GOAL OF THE EXERCISE:
Could you restate word for word the lines running from the one with "Visací náušnice vyrobené" to the end of the data, both ends included, but without pictures?

[Stored data]

>>>>

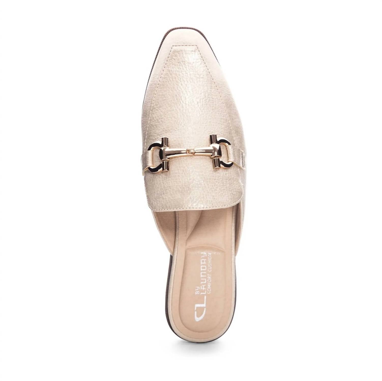 Slip them on and go! Classic dress mule with metal horse-bit detailing. Backless slide for superior comfort and elevated style. Manmade materials throughout. 1" heel.
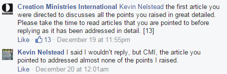 I don’t mind at all that CMI quickly removes the “creationists are morons” sort of rubbish, but they almost go to the other extreme of “No dissent allowed.” Usually when I left a comment on CMI’s Facebook page, CMI responded with something like
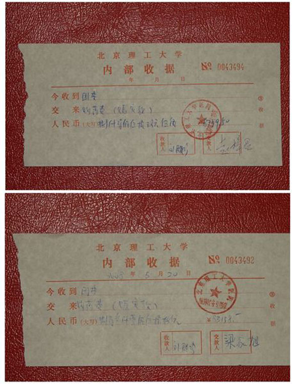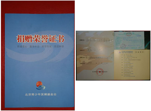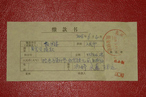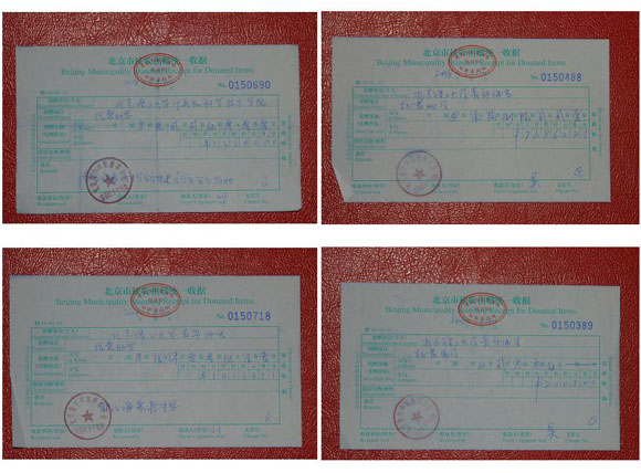 北京市青少年发展基金会为每一笔捐款都开具了收据,六次送款共计283386.04元。
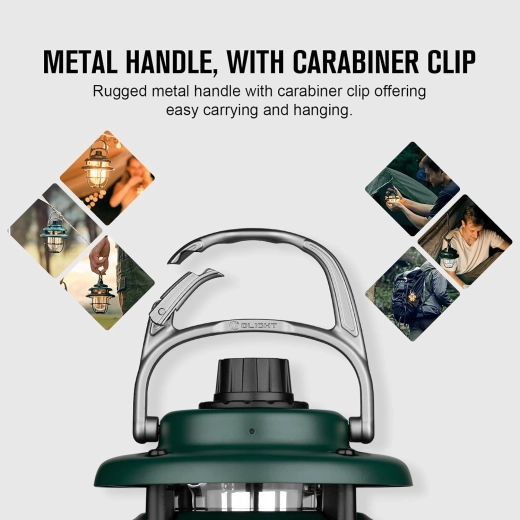 Kompaktní kempingová lucerna OLIGHT Olantern Classic Mini v barvě Forest Green nabízí plynulé stmívání 5–300 lm, přepínání mezi teplým a bílým světlem, až 60 hodin provozu a USB‑C nabíjení. Díky 360° rozptylu světla, kovové rukojeti s bezpečnou přezkou a 1/4" závitu je ideální pro kempování, zahradu i nouzové situace.
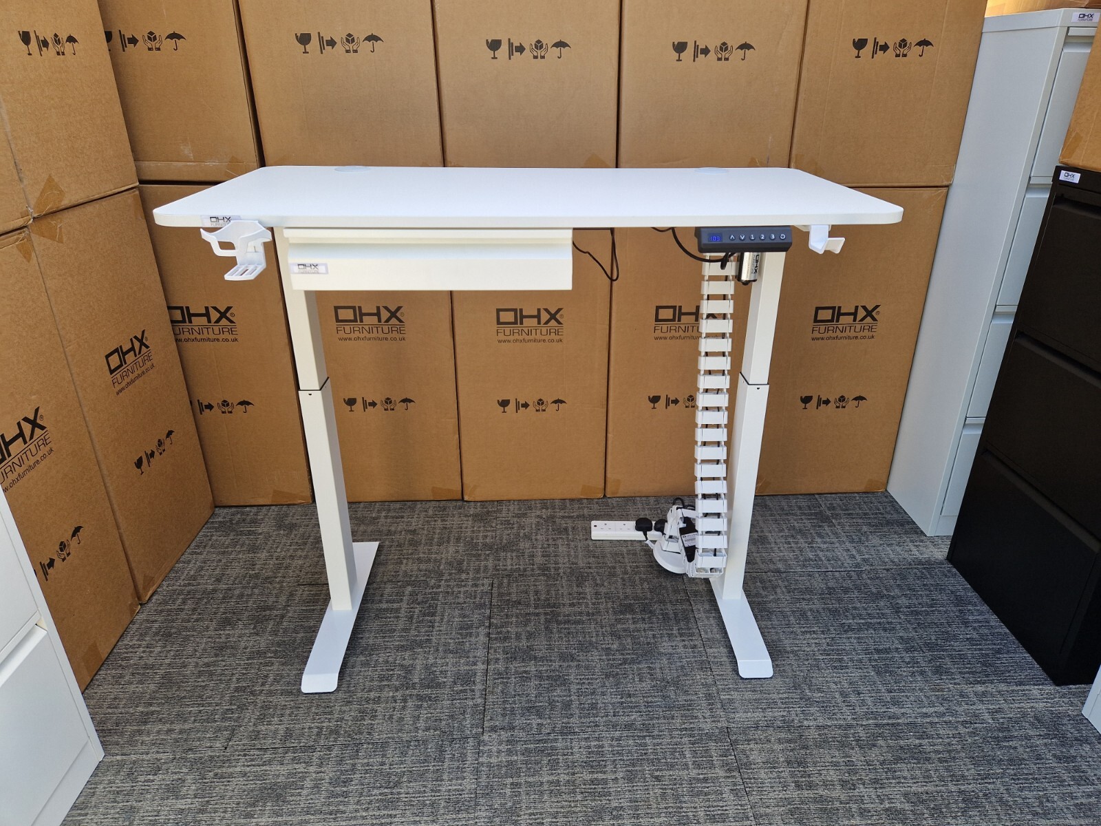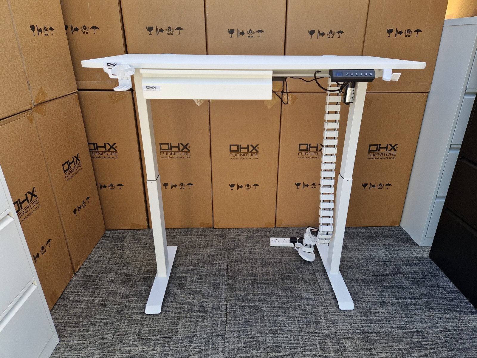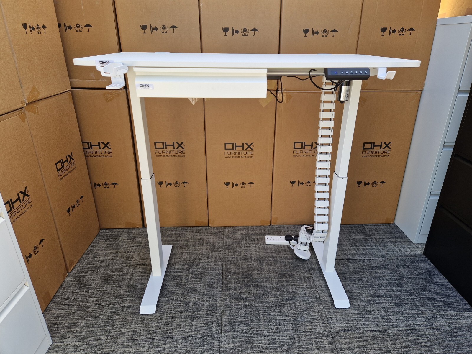 Electric Standing Desks from OHX Furniture. Complete with a three-pin UK power cable, fixtures and fittings, this ergonomically-designed desk has everything you need to work smarter.
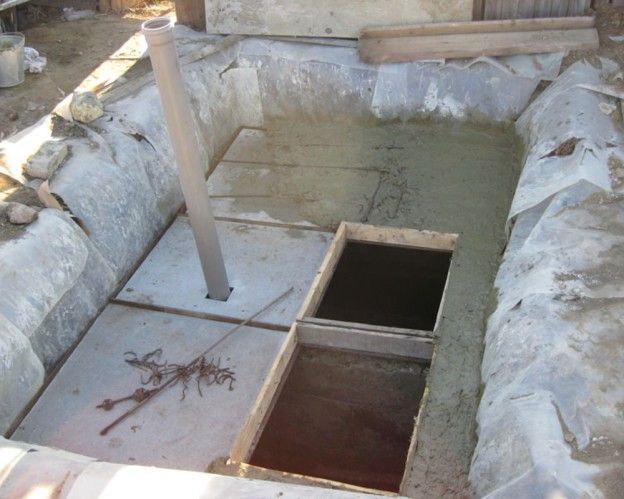 - S'il y a beaucoup d'eau qui entre, il est nécessaire de creuser en plus une fosse de drainage dans laquelle l'eau sortira de la fosse. Une pompe de drainage pour les eaux sales est installée dans la fosse et les eaux souterraines sont constamment pompées.
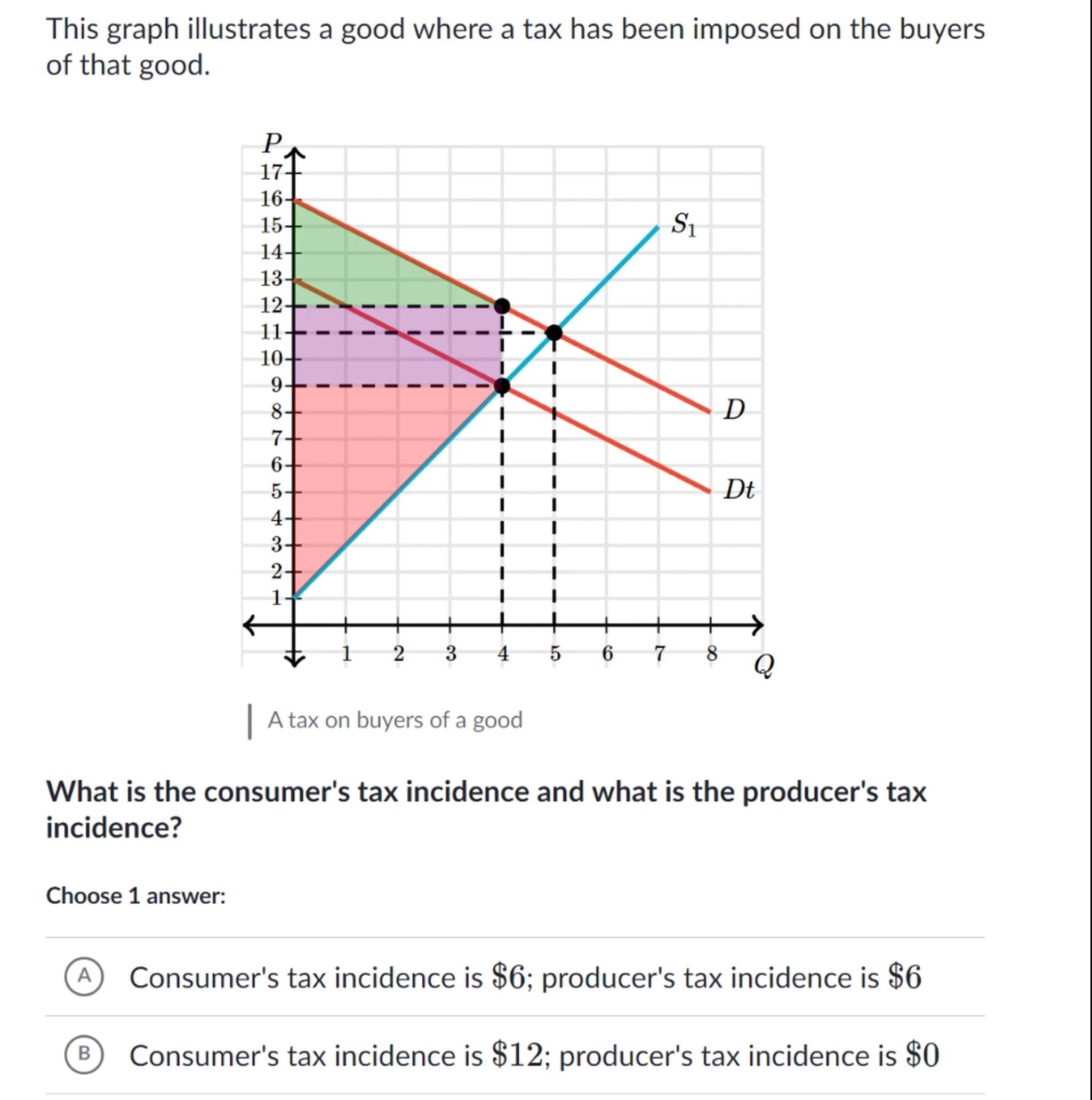 (A) Consumer's tax incidence is ; producer's tax incidence is
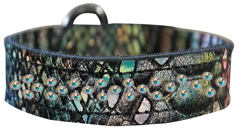 Geniune leather collar embossed with a dragon skin metallic look. Adorned in our sprinkle pattern with ab crystals. Made in the usa.
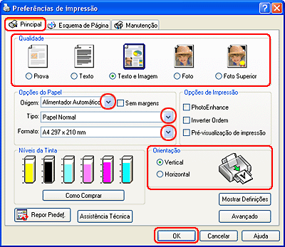 Seleccione as definições de Papel, Cor e Modo adequadas. Para mais informações sobre as Definições de Impressão, consulte a ajuda interactiva.
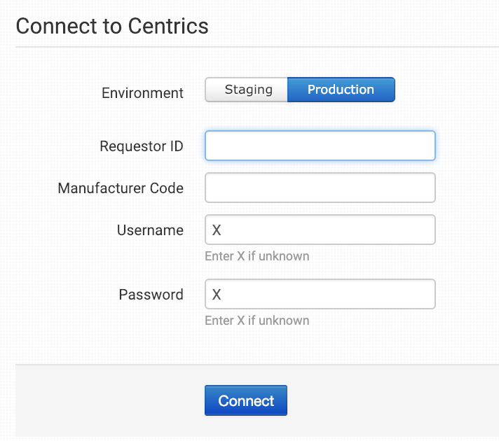 Select the environment for your connection, which should be Staging initially for the testing phase, and later can be switched to Production for sending live orders to your printer. Enter the Requestor ID and Manufacturer Code provided to you by your provider and click to connect.
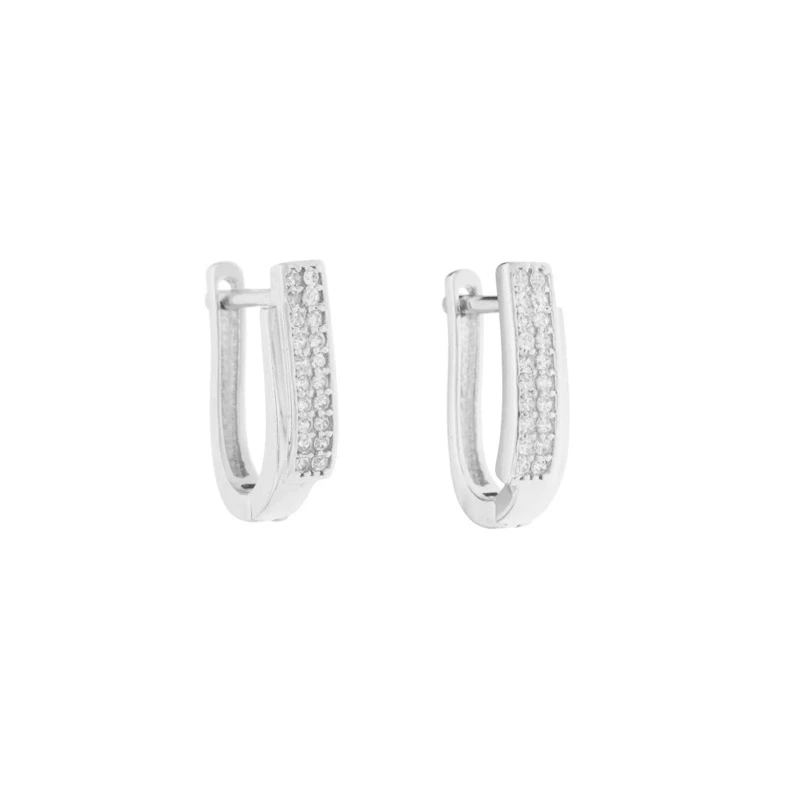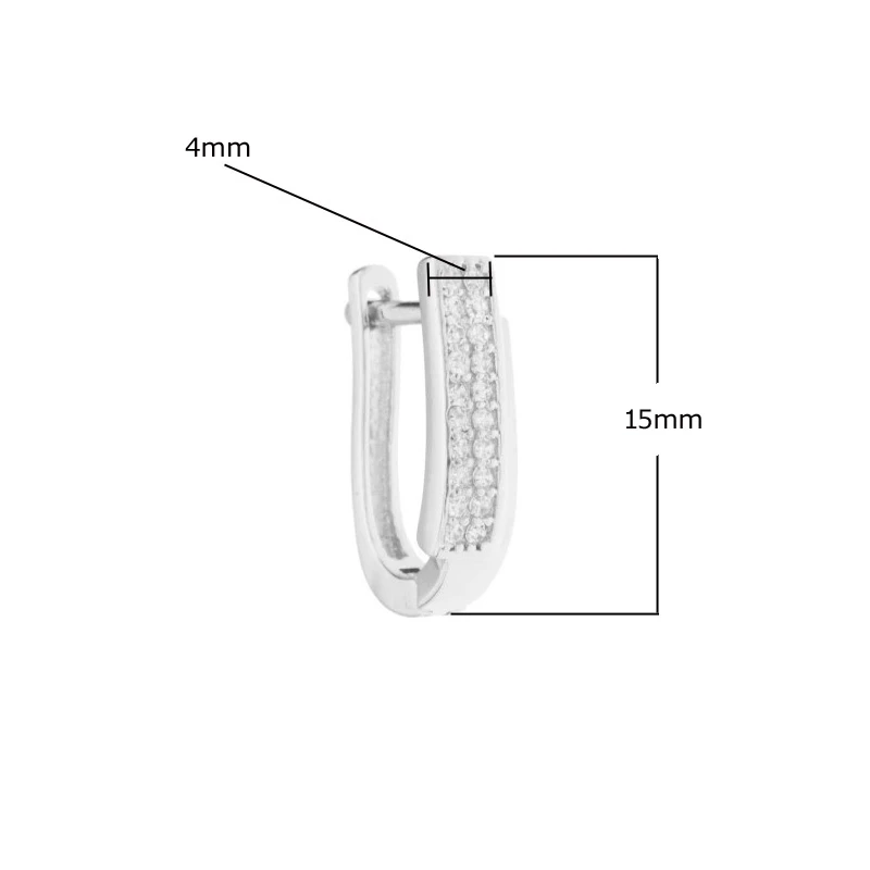 Visací náušnice vyrobené z kvalitního stříbra 925/1000. Náušnice jsou osazené prvotřídními zirkony. Povrch náušnic je porhodiovaný, což jim dodává jasnou barvu s leskem, potlačuje přirozenou oxidaci stříbra, zvyšuje odolnost povrchu proti poškrábání a zaručuje dlouhodobý bezvadný vzhled náušnic. Náušnice jsou široké 4 mm, velikost náušnic 15 mm. Náušnicové zapínání je na ruský patent.
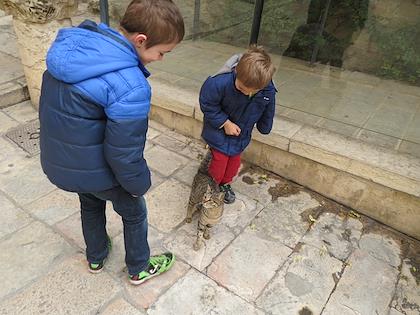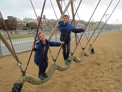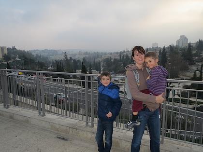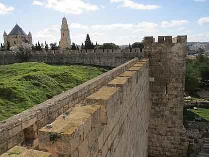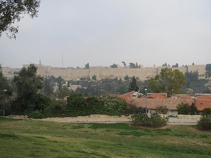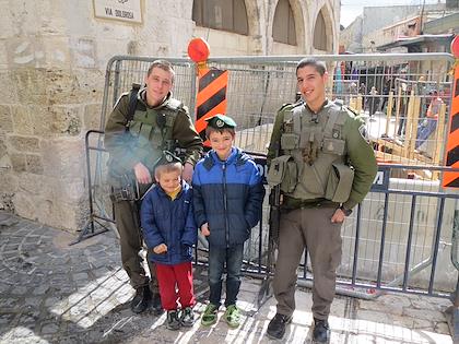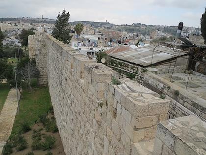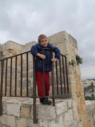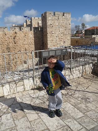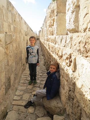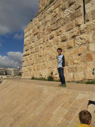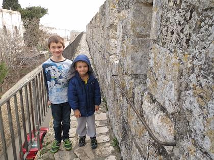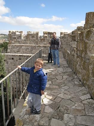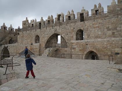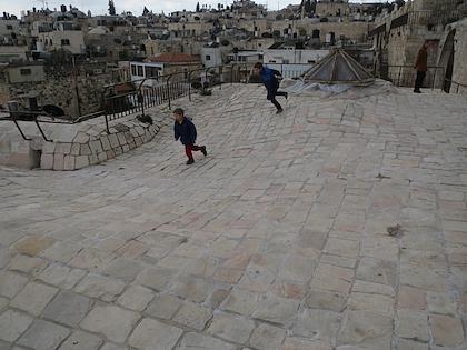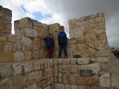 |  | |  | | We walked past a huge group of orthodox kids playing some very energetic games on this playground. | | Later on we saw a guy guarding them, further along on the city wall. |
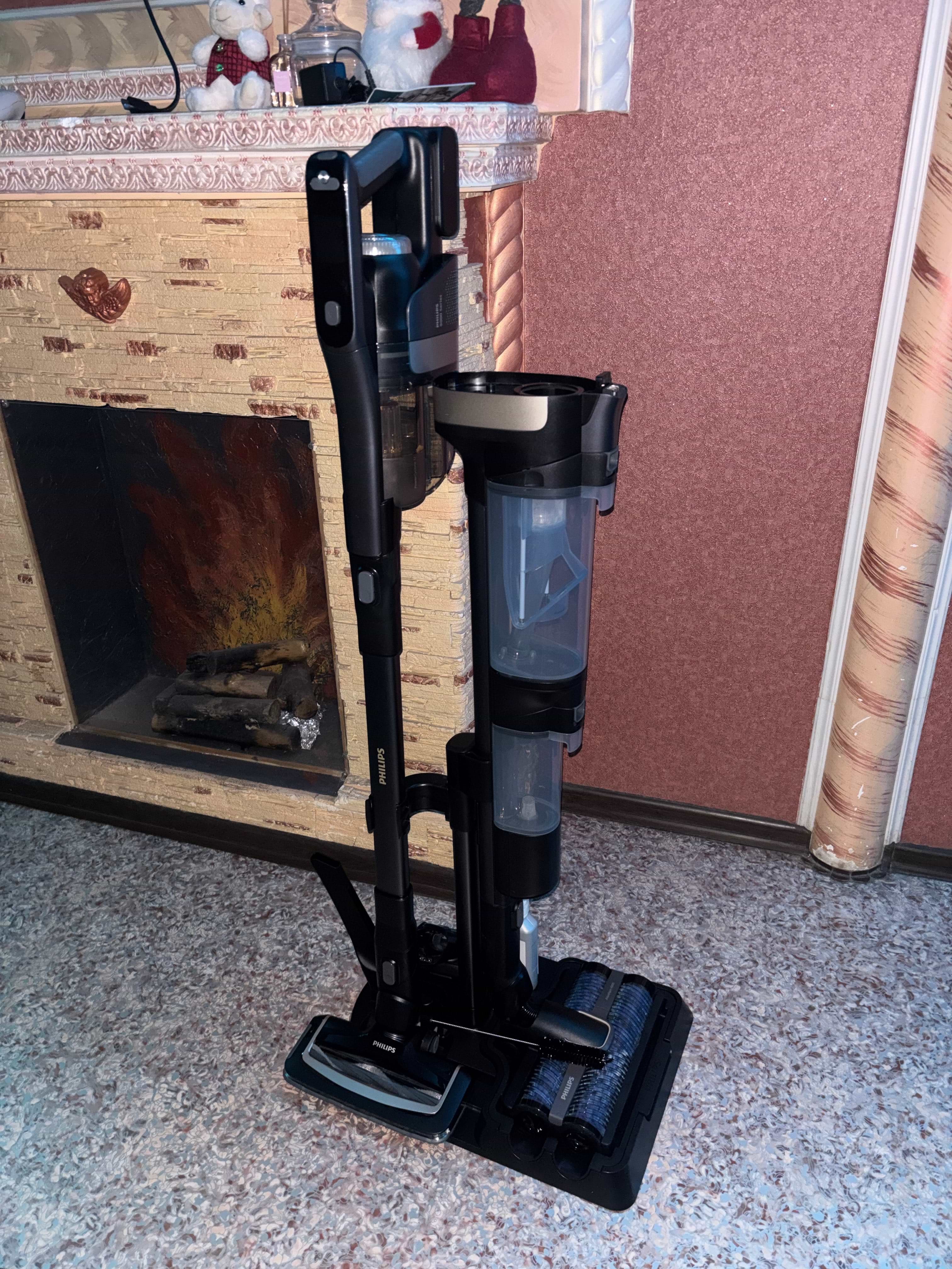 Класний пилосос, бажаю його придбати кожному, так як насправді його ціна повністю його виправдовує. Для мене стало перевагою що всі турбощітки розбірні, також два валика в мийці, краще промивають підлогу, аніж один або мопи(насадка з круглами тряпками). Приємно була здивована, що навіть на мінімальній потужності пилосос класно прибрав килим без високо ворсу. На мою квадратуру(35м2) мені вистачило двічі прибрати сухим та мокрим і двічі зробити самоочистку.

<<<<

YOUR SOLUTION:
 Visací náušnice vyrobené z kvalitního stříbra 925/1000. Náušnice jsou osazené prvotřídními zirkony. Povrch náušnic je porhodiovaný, což jim dodává jasnou barvu s leskem, potlačuje přirozenou oxidaci stříbra, zvyšuje odolnost povrchu proti poškrábání a zaručuje dlouhodobý bezvadný vzhled náušnic. Náušnice jsou široké 4 mm, velikost náušnic 15 mm. Náušnicové zapínání je na ruský patent.
 |  | |  | | We walked past a huge group of orthodox kids playing some very energetic games on this playground. | | Later on we saw a guy guarding them, further along on the city wall. |
 Класний пилосос, бажаю його придбати кожному, так як насправді його ціна повністю його виправдовує. Для мене стало перевагою що всі турбощітки розбірні, також два валика в мийці, краще промивають підлогу, аніж один або мопи(насадка з круглами тряпками). Приємно була здивована, що навіть на мінімальній потужності пилосос класно прибрав килим без високо ворсу. На мою квадратуру(35м2) мені вистачило двічі прибрати сухим та мокрим і двічі зробити самоочистку.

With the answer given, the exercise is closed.